* Exercise requirements *
Retype the lines below exactly, but only those from the line that has "第 3 章 編輯器 第" through the line that has "チャットUIだと、通常の仕事". Omit every picture.

Entries taken from a collection
--
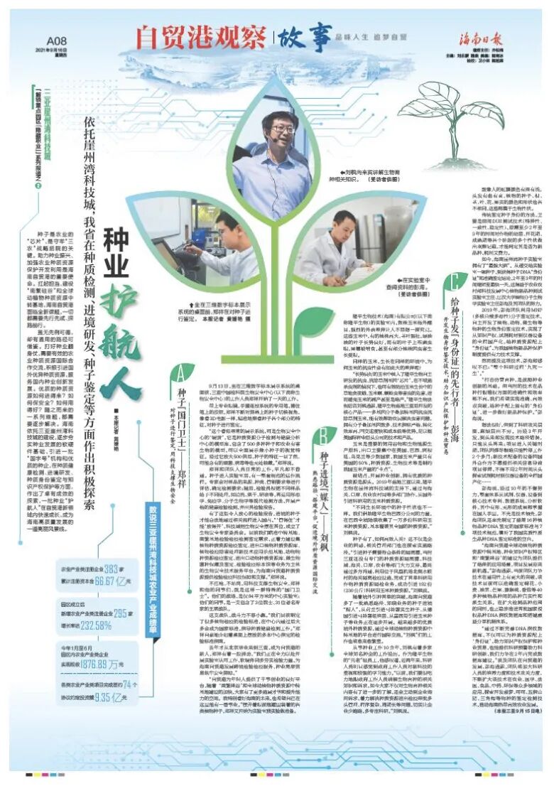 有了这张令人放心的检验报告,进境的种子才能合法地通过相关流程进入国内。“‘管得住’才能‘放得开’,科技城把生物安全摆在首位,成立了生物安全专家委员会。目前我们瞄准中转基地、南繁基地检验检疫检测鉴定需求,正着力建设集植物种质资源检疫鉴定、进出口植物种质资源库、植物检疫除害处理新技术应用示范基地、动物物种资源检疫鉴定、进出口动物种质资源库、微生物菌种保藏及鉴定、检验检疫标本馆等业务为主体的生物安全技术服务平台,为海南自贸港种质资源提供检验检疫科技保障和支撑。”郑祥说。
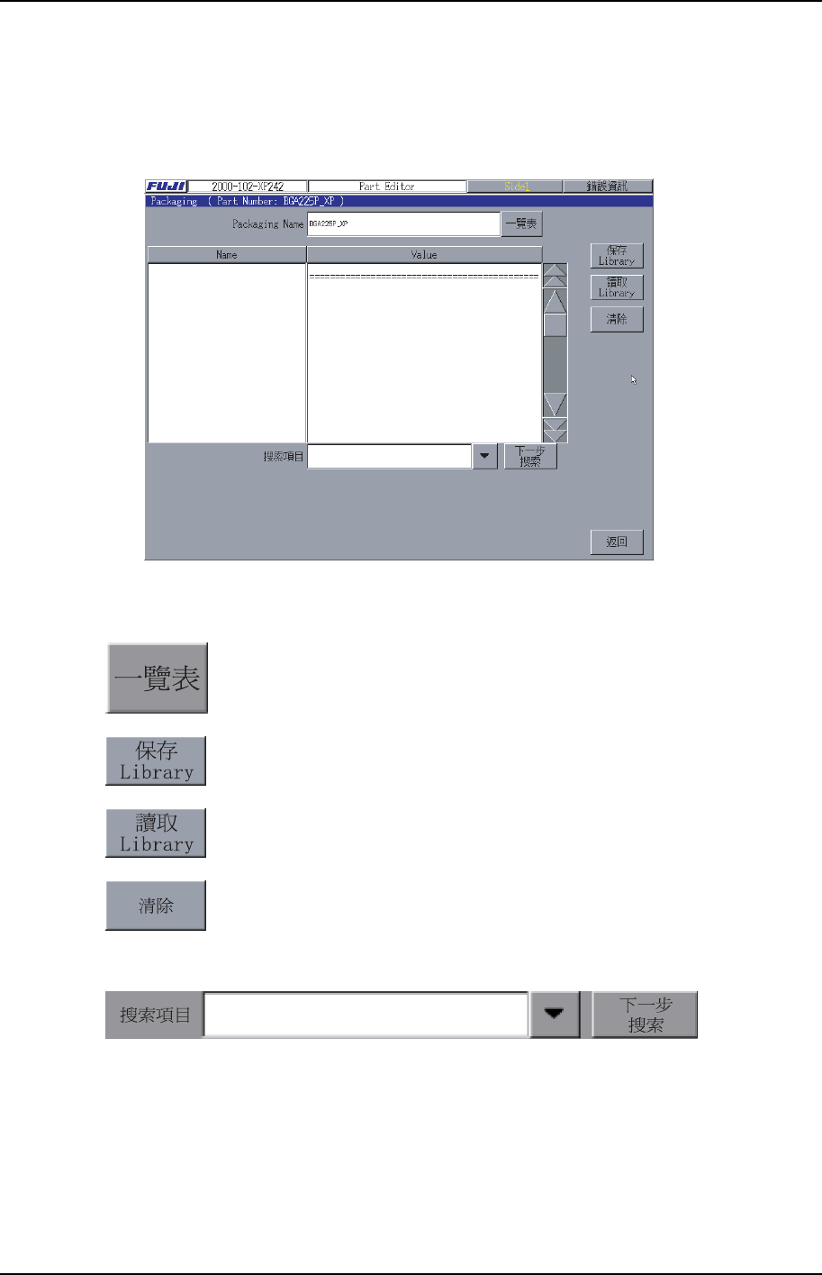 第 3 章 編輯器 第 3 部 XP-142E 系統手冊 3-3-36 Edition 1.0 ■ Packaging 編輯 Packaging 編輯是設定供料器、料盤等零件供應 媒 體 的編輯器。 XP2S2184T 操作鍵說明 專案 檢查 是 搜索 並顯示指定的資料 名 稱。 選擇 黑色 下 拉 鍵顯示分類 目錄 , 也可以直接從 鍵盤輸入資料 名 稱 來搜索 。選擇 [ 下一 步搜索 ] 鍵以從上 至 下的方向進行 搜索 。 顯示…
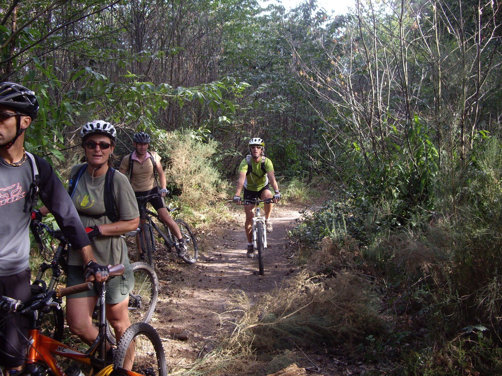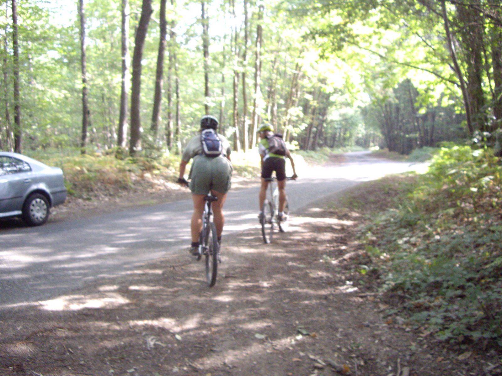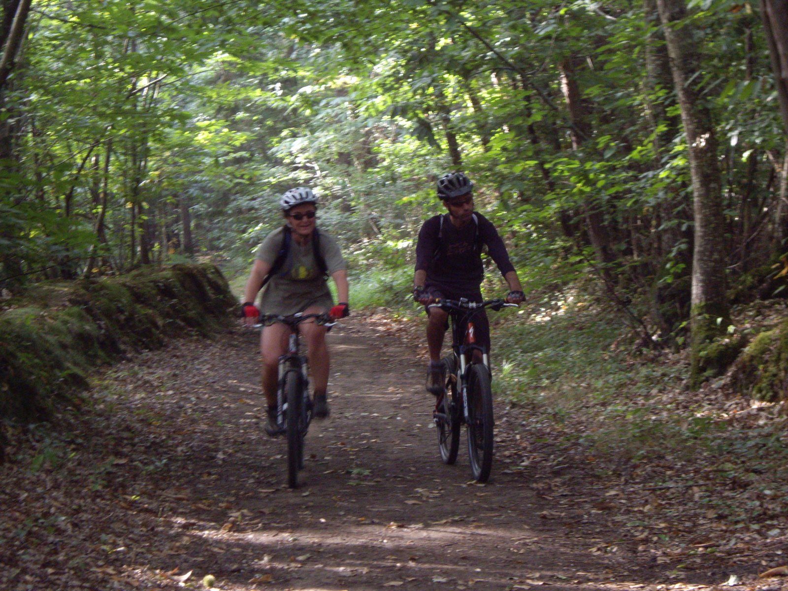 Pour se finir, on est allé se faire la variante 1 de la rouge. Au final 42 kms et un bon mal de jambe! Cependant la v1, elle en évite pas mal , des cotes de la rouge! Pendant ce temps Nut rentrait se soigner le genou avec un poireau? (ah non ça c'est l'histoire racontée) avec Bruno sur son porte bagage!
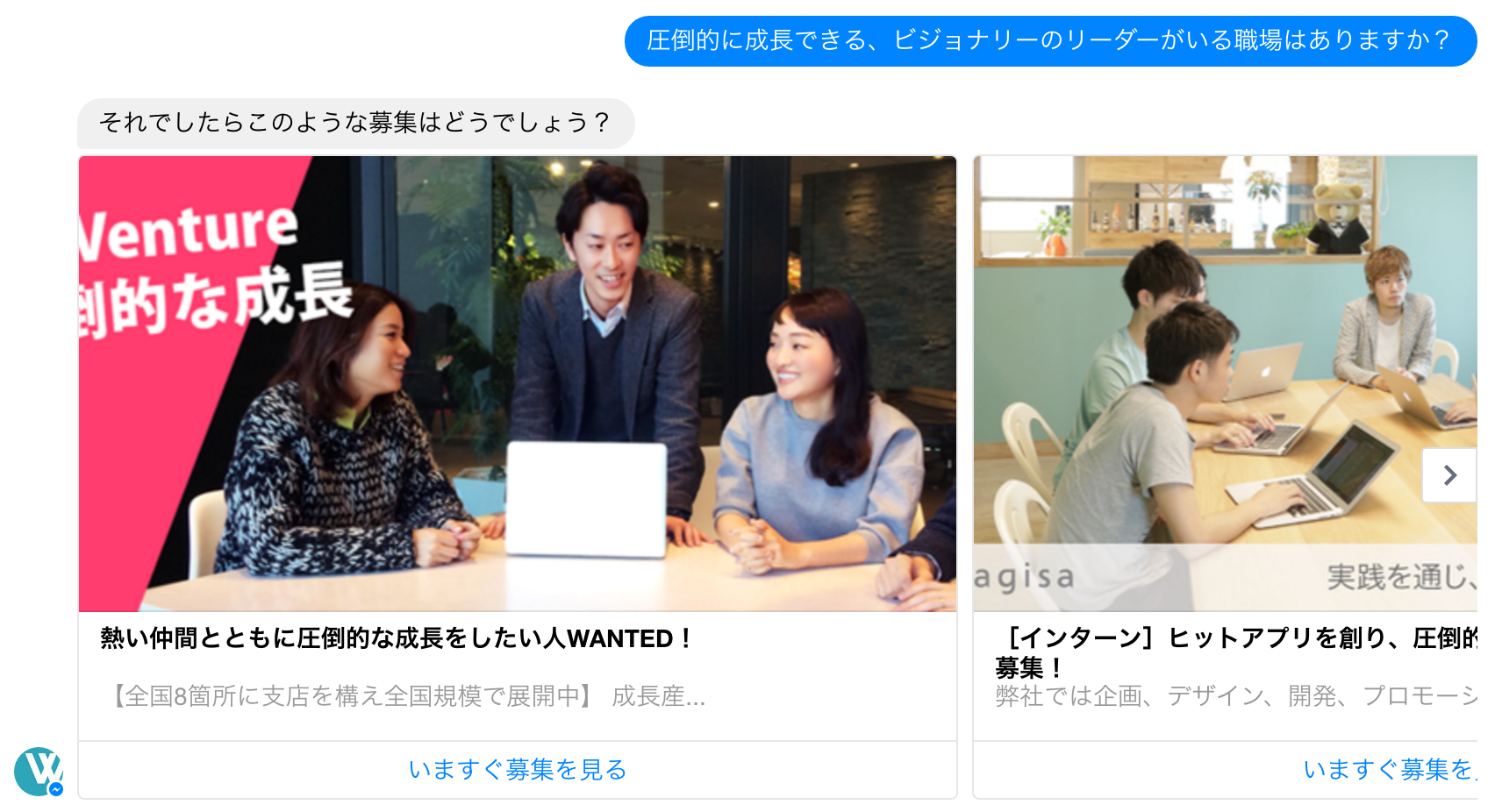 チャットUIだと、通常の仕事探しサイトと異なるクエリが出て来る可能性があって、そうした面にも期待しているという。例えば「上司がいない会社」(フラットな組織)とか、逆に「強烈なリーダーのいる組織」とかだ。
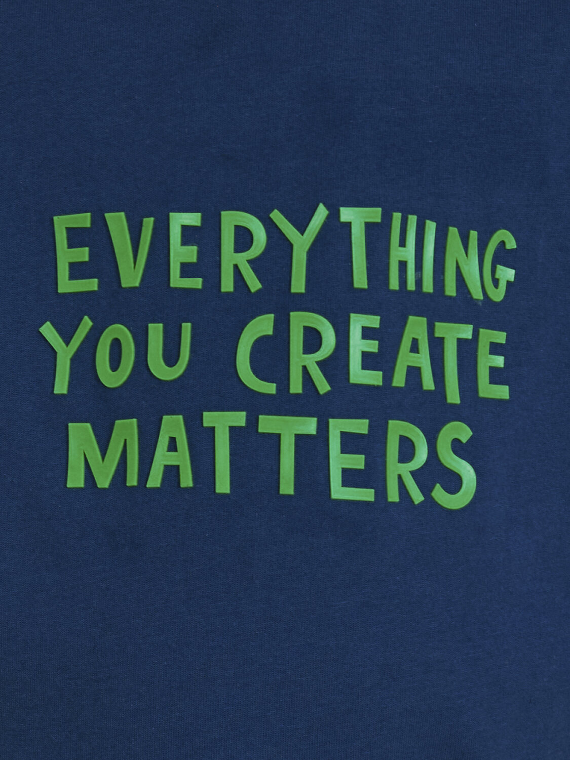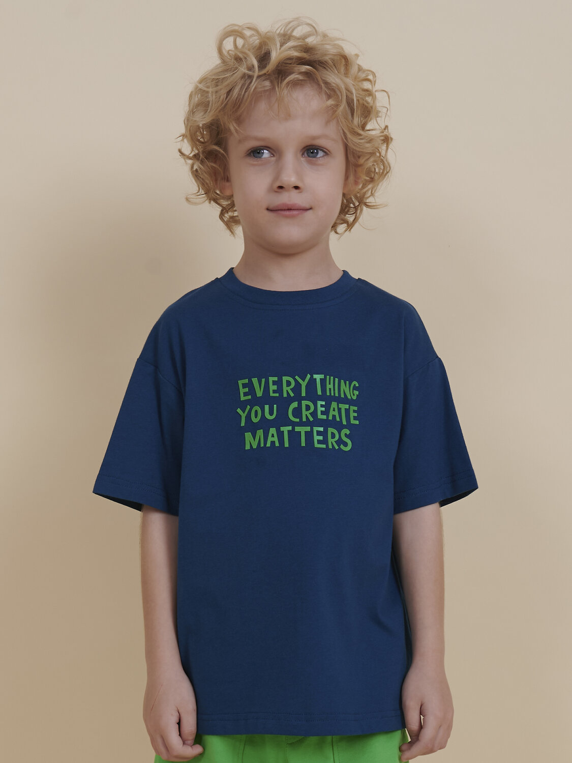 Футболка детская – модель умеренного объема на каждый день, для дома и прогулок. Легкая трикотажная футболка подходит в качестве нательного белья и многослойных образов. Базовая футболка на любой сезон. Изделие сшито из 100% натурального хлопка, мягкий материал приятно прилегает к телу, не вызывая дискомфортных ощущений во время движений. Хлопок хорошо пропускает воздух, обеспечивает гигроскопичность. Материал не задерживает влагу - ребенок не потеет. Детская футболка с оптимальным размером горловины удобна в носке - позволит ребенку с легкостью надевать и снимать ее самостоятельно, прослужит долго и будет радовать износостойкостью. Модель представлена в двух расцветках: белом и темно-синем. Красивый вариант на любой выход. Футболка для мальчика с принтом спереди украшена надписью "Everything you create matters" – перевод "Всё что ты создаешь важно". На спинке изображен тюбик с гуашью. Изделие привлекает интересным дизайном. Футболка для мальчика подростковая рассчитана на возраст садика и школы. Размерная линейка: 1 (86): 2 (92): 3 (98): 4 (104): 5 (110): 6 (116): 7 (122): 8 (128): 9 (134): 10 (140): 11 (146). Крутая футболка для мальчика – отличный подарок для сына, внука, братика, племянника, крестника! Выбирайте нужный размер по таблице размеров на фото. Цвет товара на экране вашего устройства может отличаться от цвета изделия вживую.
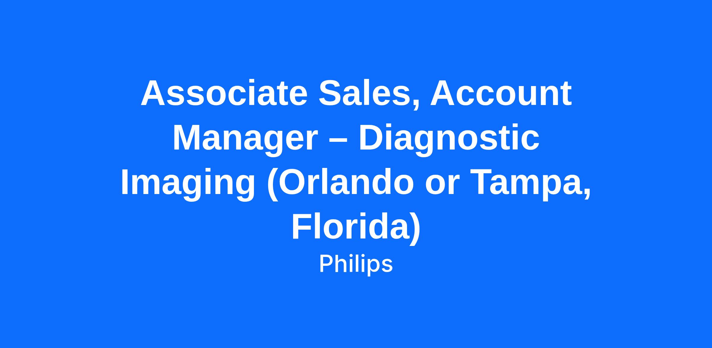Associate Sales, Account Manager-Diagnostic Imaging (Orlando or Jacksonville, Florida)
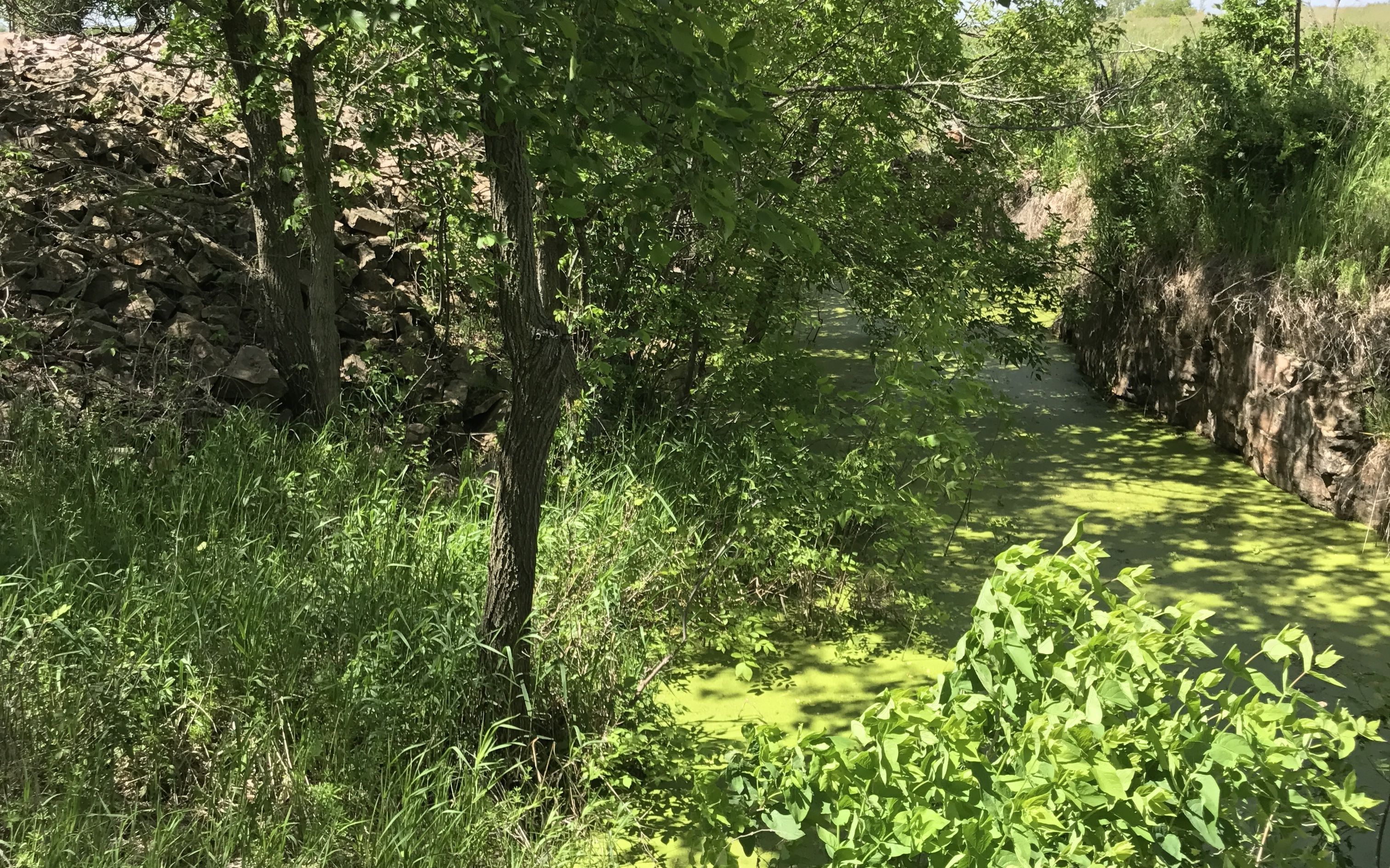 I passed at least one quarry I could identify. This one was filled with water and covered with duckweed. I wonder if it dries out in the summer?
--
* Result below *
 第 3 章 編輯器 第 3 部 XP-142E 系統手冊 3-3-36 Edition 1.0 ■ Packaging 編輯 Packaging 編輯是設定供料器、料盤等零件供應 媒 體 的編輯器。 XP2S2184T 操作鍵說明 專案 檢查 是 搜索 並顯示指定的資料 名 稱。 選擇 黑色 下 拉 鍵顯示分類 目錄 , 也可以直接從 鍵盤輸入資料 名 稱 來搜索 。選擇 [ 下一 步搜索 ] 鍵以從上 至 下的方向進行 搜索 。 顯示…
 Pour se finir, on est allé se faire la variante 1 de la rouge. Au final 42 kms et un bon mal de jambe! Cependant la v1, elle en évite pas mal , des cotes de la rouge! Pendant ce temps Nut rentrait se soigner le genou avec un poireau? (ah non ça c'est l'histoire racontée) avec Bruno sur son porte bagage!
 チャットUIだと、通常の仕事探しサイトと異なるクエリが出て来る可能性があって、そうした面にも期待しているという。例えば「上司がいない会社」(フラットな組織)とか、逆に「強烈なリーダーのいる組織」とかだ。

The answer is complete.